▸ **Data provided**
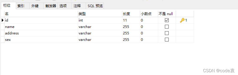 注意:在设计数据库时,id的类型为int并且设置为主键。自动递增。
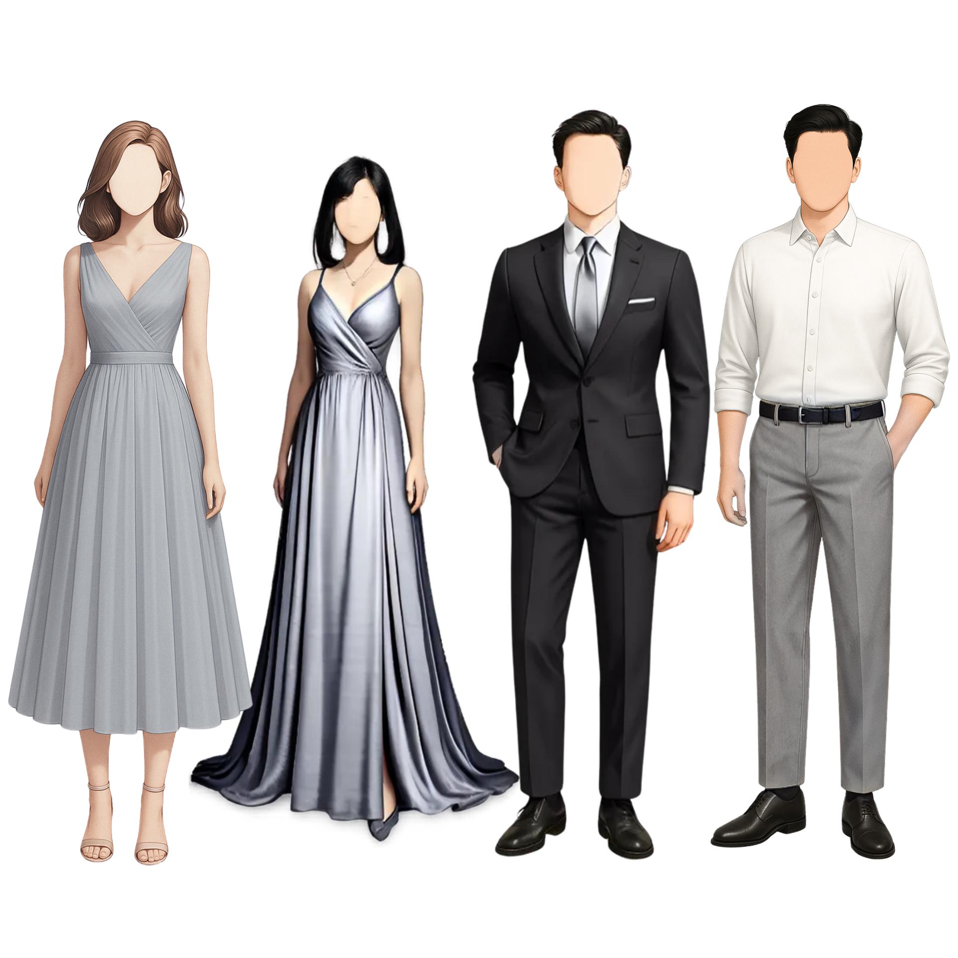 female: Long-floor length or below the knee dress
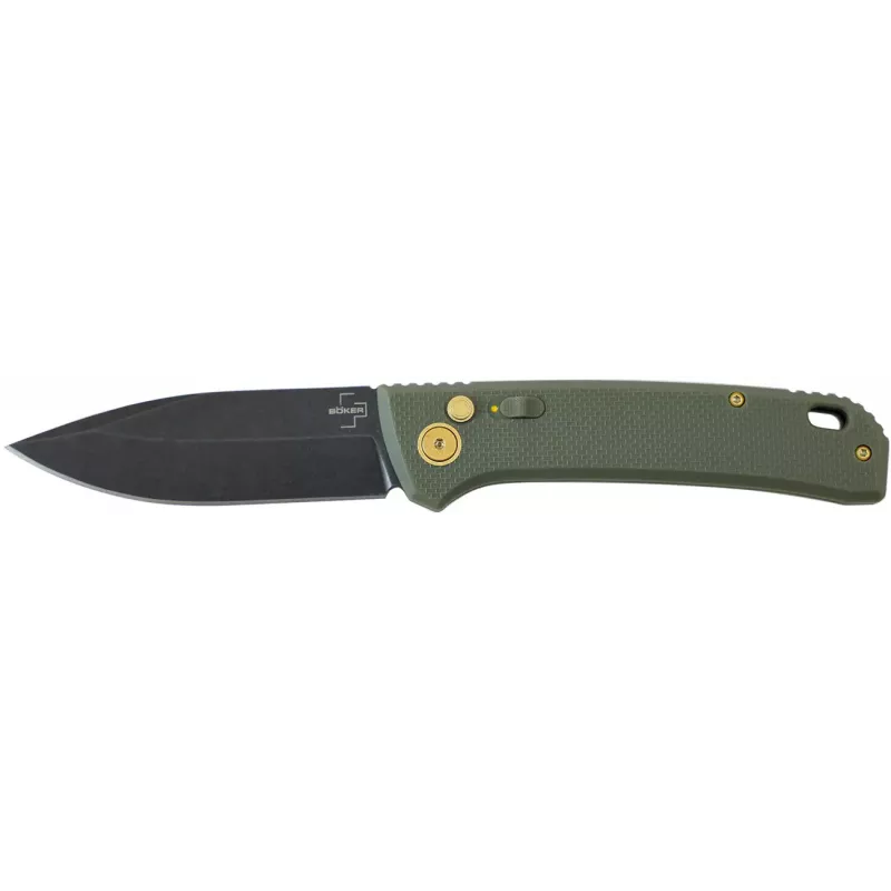 Клинок має форму з рисами як Drop Point, так і Spear Point виготовлений з інструментальної сталі D2 (59-61 HRC). Автоматична система дозволяє забезпечити миттєве відкриття ножа за допомогою кнопки, а задля надійності фіксації клинка як у відкритому, так і закритому стані наявний механізм блокування у вигляді перемикача.
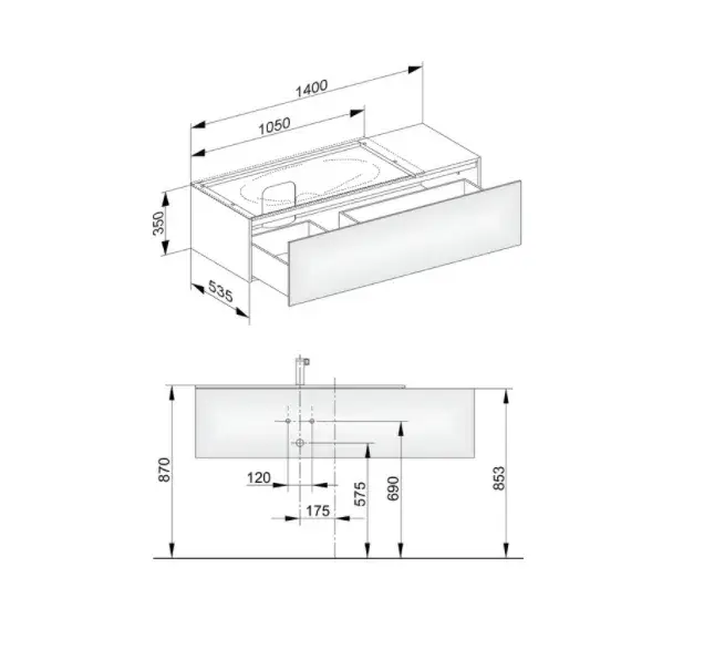 Keuco Edition 11 Тумба под раковину, подвесная 140x53,5x35h см, цвет: черный 31163 570000
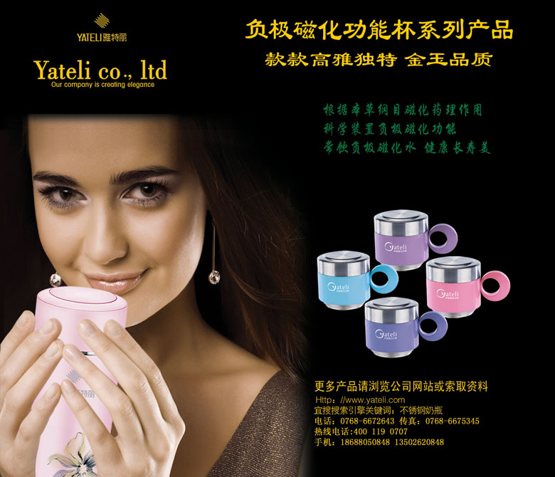 潮安縣雅特麗不銹鋼有限公司是一家集生產(chǎn)加工、經(jīng)銷批發(fā)的有限責(zé)任公司,磁化不銹鋼保溫杯、高級(jí)磁化不銹鋼茶葉罐是潮安縣雅特麗不銹鋼有限公司的主營產(chǎn)品。潮安縣雅特麗不銹鋼有限公司是一家經(jīng)國家相關(guān)部門批準(zhǔn)注冊(cè)的企業(yè)。潮安縣雅特麗不銹鋼有限公司以雄厚的實(shí)力、合理的價(jià)格、優(yōu)良的服務(wù)與多家企業(yè)建立了長期的合作關(guān)系。潮安縣雅特麗不銹鋼有限公司熱誠歡迎各界前來參觀、考察、洽談業(yè)務(wù)。
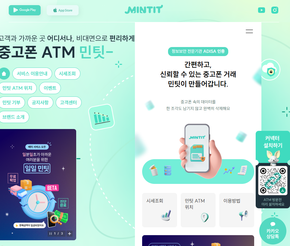 전국 6,600개의 민팃ATM에서 편하고 안전하게 중고폰 판매하고, 개인정보 삭제 인증서까지 받아보자!
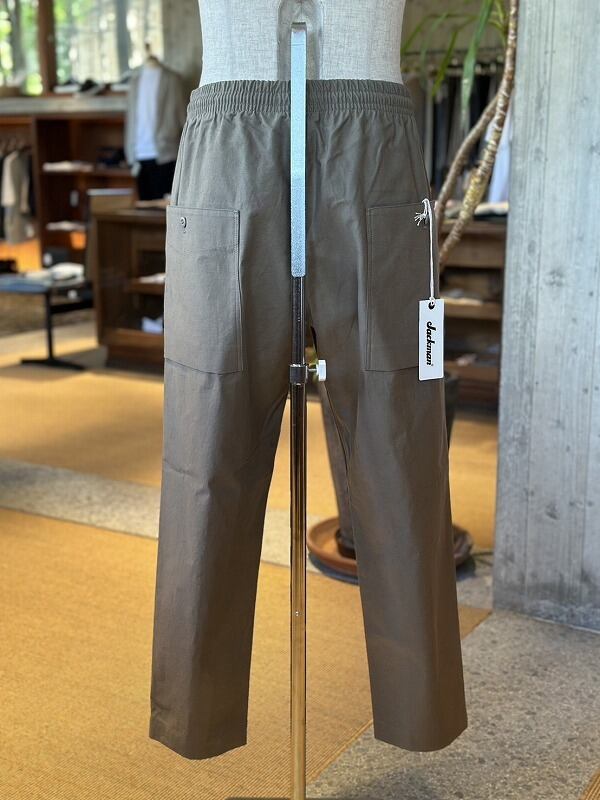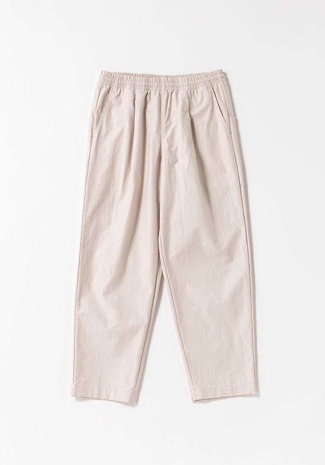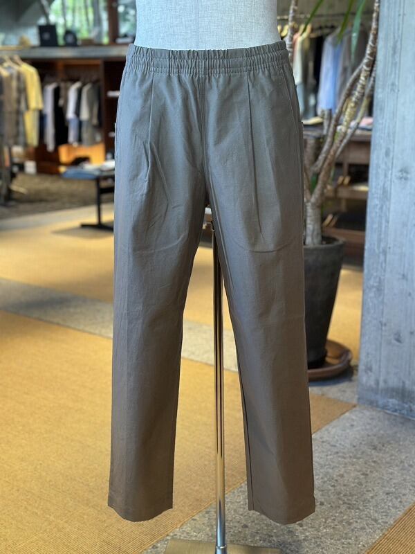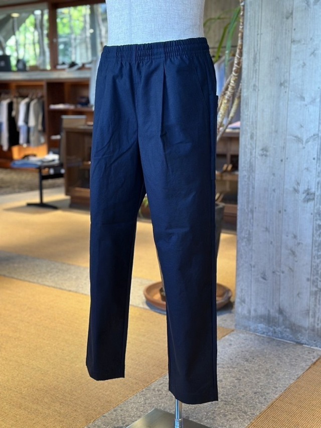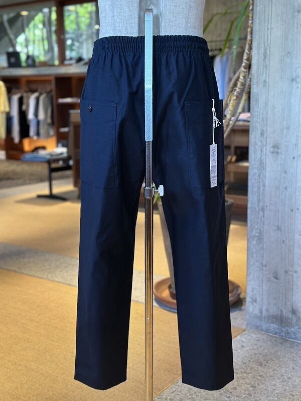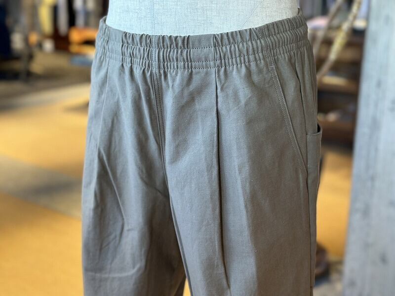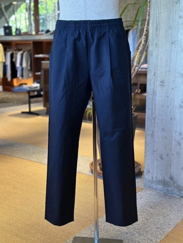 乾燥感のあるアメリカ、オーストラリアの混合綿を使用、その原綿をカーディングする際、機械の調整でネップを作り、レピア織機で糸に強度を加えながら織ることで生地自体の強度を高めたバックネップ素材を使用したBNアンプスパンツです。このバックネップ素材は表面に上品さを出すためシルケット加工をせず染色、ネップの凹凸を残しながら自然で上品な表情に仕上げました。またハリコシを出すために樹脂で硬仕上げを施し防風性の向上と洗濯による形状変化を抑える加工を加えました。デザインはBaseballの球審の腰回りのシルエットを参考にスペアボールを入れていたような大きめのマチ付きポケットを配しました。腰回りはゆったりとしながらも裾にかけて強めのテーパーですっきり見える設計です。ウエストはゴムとコードで調節が可能です。
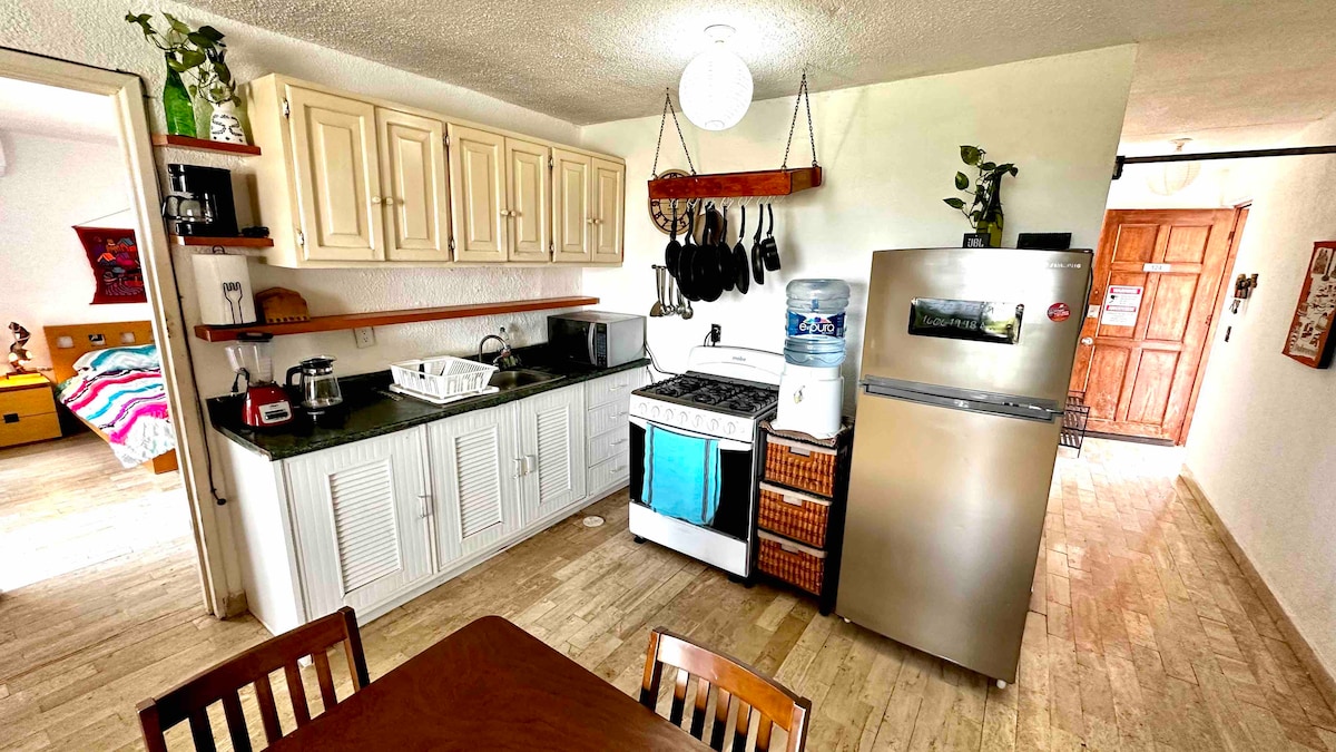 Բարի գալուստ Mar by Kasamia։ Վայելեք Կանկունի լավագույն կողմերը այս ստուդիայում՝ տանիքի լողավազան, համատեղ աշխատանքային տարածք, արագ Wi-Fi, պատշգամբ, 190–22 սմ մահճակալ և փակ կայանատեղ։ Մոտակայքում կան ռեստորաններ, զբոսայգիներ և գլխավոր տեսարժան վայրեր։ Անկախ նրանից՝ աշխատանքային ուղևորության, թե արձակուրդի համար, ձեզ սպասում են հարմարավետություն, ոճ և հարմար գտնվելու վայր։

▸ **Aim of the task**
All of the data must be given again exactly, without the pictures.

▸ **Answer section**
 注意:在设计数据库时,id的类型为int并且设置为主键。自动递增。
 female: Long-floor length or below the knee dress
 Клинок має форму з рисами як Drop Point, так і Spear Point виготовлений з інструментальної сталі D2 (59-61 HRC). Автоматична система дозволяє забезпечити миттєве відкриття ножа за допомогою кнопки, а задля надійності фіксації клинка як у відкритому, так і закритому стані наявний механізм блокування у вигляді перемикача.
 Keuco Edition 11 Тумба под раковину, подвесная 140x53,5x35h см, цвет: черный 31163 570000
 潮安縣雅特麗不銹鋼有限公司是一家集生產(chǎn)加工、經(jīng)銷批發(fā)的有限責(zé)任公司,磁化不銹鋼保溫杯、高級(jí)磁化不銹鋼茶葉罐是潮安縣雅特麗不銹鋼有限公司的主營產(chǎn)品。潮安縣雅特麗不銹鋼有限公司是一家經(jīng)國家相關(guān)部門批準(zhǔn)注冊(cè)的企業(yè)。潮安縣雅特麗不銹鋼有限公司以雄厚的實(shí)力、合理的價(jià)格、優(yōu)良的服務(wù)與多家企業(yè)建立了長期的合作關(guān)系。潮安縣雅特麗不銹鋼有限公司熱誠歡迎各界前來參觀、考察、洽談業(yè)務(wù)。
 전국 6,600개의 민팃ATM에서 편하고 안전하게 중고폰 판매하고, 개인정보 삭제 인증서까지 받아보자!
 乾燥感のあるアメリカ、オーストラリアの混合綿を使用、その原綿をカーディングする際、機械の調整でネップを作り、レピア織機で糸に強度を加えながら織ることで生地自体の強度を高めたバックネップ素材を使用したBNアンプスパンツです。このバックネップ素材は表面に上品さを出すためシルケット加工をせず染色、ネップの凹凸を残しながら自然で上品な表情に仕上げました。またハリコシを出すために樹脂で硬仕上げを施し防風性の向上と洗濯による形状変化を抑える加工を加えました。デザインはBaseballの球審の腰回りのシルエットを参考にスペアボールを入れていたような大きめのマチ付きポケットを配しました。腰回りはゆったりとしながらも裾にかけて強めのテーパーですっきり見える設計です。ウエストはゴムとコードで調節が可能です。
 Բարի գալուստ Mar by Kasamia։ Վայելեք Կանկունի լավագույն կողմերը այս ստուդիայում՝ տանիքի լողավազան, համատեղ աշխատանքային տարածք, արագ Wi-Fi, պատշգամբ, 190–22 սմ մահճակալ և փակ կայանատեղ։ Մոտակայքում կան ռեստորաններ, զբոսայգիներ և գլխավոր տեսարժան վայրեր։ Անկախ նրանից՝ աշխատանքային ուղևորության, թե արձակուրդի համար, ձեզ սպասում են հարմարավետություն, ոճ և հարմար գտնվելու վայր։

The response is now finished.